I’m just a red nigger who love the sea,

I had a sound colonial education,

I have Dutch, nigger and English in me,

And either I’m nobody, or I’m a nation.

For those of us raised with a constant awareness of race and its power across boundaries, I’ve always had a romanticised notion of a rainbow nation; a UK, and then a world, where petty prejudice cannot impede the socioeconomic progress of individuals and groups. Mixed-race children and young people are individual nation states. They defy classification beyond country of birth. I add my children to the arsenal of weapons for change.

Of course, the black-white mix has been with us for decades, but it was found in Liverpool or Brixton, in council estates and two-up two-down houses – the same working-class hotspots that spawned the National Front and the British National Party. So many of our mixed-race footballers have suffered, and continue to suffer – think of Anton Ferdinand – racial abuse. What has changed more recently is the proliferation of inter-racial relationships among the better-educated and the professional classes who are producing children with greater access to education, to opportunity and to influence.

Reverse

Last week, David Lammy’s cross-party inquiry into black, Pakistani and Bangladeshi female unemployment reported that discrimination accounted for a quarter of the unemployment among women with clearly “foreign” names, or whose names suggested particular religious beliefs.
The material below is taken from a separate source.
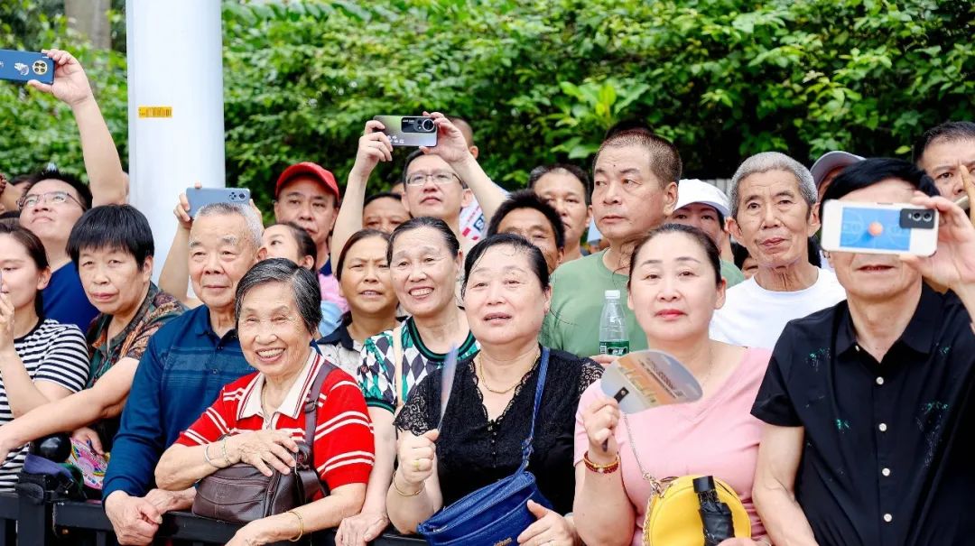 “我每年都和爸爸媽媽一起來看龍舟賽,現(xiàn)場(chǎng)的氛圍太震撼了!作為斗門人,我感到非常開心和自豪。”斗門小觀眾彥宏開心地說。與此同時(shí),不少游客專門從外地趕來觀賞這場(chǎng)“水上競(jìng)技盛宴”。在眾多觀眾中,來自南屏的歐先生是龍舟賽的“鐵桿粉絲”,盡管的腿部受傷,他也要雙手拄著拐杖,全程站著關(guān)注觀賽。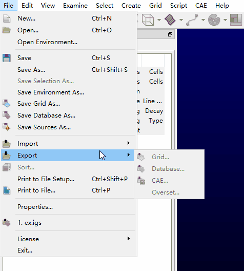 选择菜单File → Export → CAE

Boris’s children and Rupert’s children and, indeed, my children, will not suffer – or certainly not tolerate – thoughtless discrimination either against them or around them, and their presence will ultimately help reshape our institutions as much, if not more, than those immigrants who are already in high office. This is because they are coming to the fore in an internet age.

There was a time one sought, as a person of any non-UK background, to find commonality with the white folks – we listened to Music While You Work, watched Coronation Street and bought Christmas trees. The emphasis was on Englishness and trying to understand its essence.

With the internet and the proliferation of global trading, global brands, global travel and global communications, that trend has reversed. In the new economy, reach is all. The greater your connections across geographical boundaries, the more impressive your social capital.

People are now looking for common connections to us brown folk. English friends now boast of tracing an aunty in India or a paternal grandfather with a second, black, wife in the West Indies. We are all want to be mixed-race in this new world.

Through genetics as well as global diversity, we are creating a new lingua franca. It is very exciting that the census confirms a small but steady movement towards citizens that embody the principles of global citizenship. They are a reminder to us all of Cedric Dover’s emerging – and perhaps, bigger? – plan.